Continues Dance, “The biggest skill we want them to take with them is the skill of being inquisitive, of being curious about the world around them, how they interact with it, and how they are making an impact. I don’t think any of our scientists haven’t gotten really good at asking questions.”

 

Asking questions about not only science and the world, Galvin notes, but wondering about their own future paths, too.

“For us, the focus from Sixth through Eighth Grade is getting our students to connect science with the real world. So in the Health Design Challenge or the Science Symposium, they’re getting a firsthand understanding of how this career uses science, how that medical role would need to communicate, how a researcher would collect and interpret data.”

From geologists to city planners, CA Middle Schoolers have already begun to picture what it might look like to pursue science as a career. And at the just-opened CSU Spur Campus, the Middle School science team has found an innovative space where Sixth and Seventh Graders can indeed see real science in action.

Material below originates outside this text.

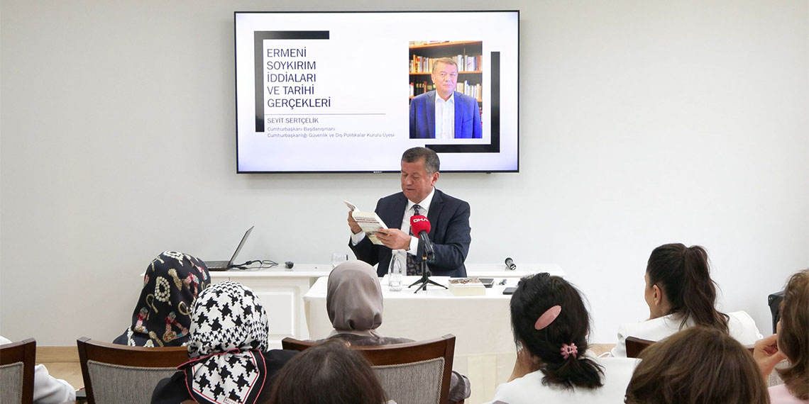 Cumhurbaşkanı Başdanışmanı Prof. Dr. Seyit Sertçelik, Emine Erdoğan’ın Onursal Başkanı olduğu Toplumsal Gelişim Merkezi Eğitim ve Sosyal Yardımlaşma Derneği (TOGEMDER)’nin Kısıklı’daki merkez binasında düzenlenen ‘Ermeni Soykırımı İddiaları ve Tarihi Gerçekler’ konulu programda konuştu. Programa, İstanbul Valisi Davut Gül’ün eşi Gülden Gül, Üsküdar Kaymakamı Adem Yazıcı, TOGEMDER Başkanı Mihrimah Belma Sekmen, TOGEMDER Yönetim Kurulu üyeleri ve çok sayıda davetli katıldı. Osmanlı Devleti’ni kötülemek amacıyla ‘Ermeni Soykırımı’ başlığı altında yayılan yalan haberlerin günümüz gündemini hala meşgul ettiğini söyleyen Sertçelik, “Ermeniler, abartmaya meyilli bir toplumdur. Hatta Rus istihbaratçılar, Ermenilerin verdikleri kayıp bağlamında rakamların sonuna hep bir ‘0’ attığını söylerler. 100 kişi öldüyse, bin derler” dedi.

A field trip destination for CA Science students almost since opening day three years ago, CSU’s free facility for discovery and learning offers a behind-the-scenes look at careers ranging from biotech engineers and veterinarians to agriculturalists and entrepreneurs. Rotating programs connect students to potential futures through live demonstrations, hands-on experiments, and interactive experiences in food, water, and health.

“Spur is a great fit for CA,” says Galvin.

Sixth Graders using the Stream Table at CSU Spur

 

Yet science education, she makes clear, isn’t only preparation for careers in science. It is an essential component of modern literacy. 

Understanding how the Earth’s systems change in relation to human activity has never been more critical to the future of civilization. Knowledge of engineering and computing models is more essential than ever as AI seems poised to take over vast swaths of skilled professions. And being able to comprehend evidence and draw informed conclusions couldn’t be more important in a world in which pandemics, energy and resource scarcity, and political instability pose novel challenges and questions.

“We are instilling this special version of curiosity,” reiterates Dance, “that doesn’t stop with asking questions: It wants to know more, to figure out the deeper causes and effects, and then to think through a problem thoughtfully, creatively, and methodically.”

This, in other words, is how CA’s Middle School scientists will save the world.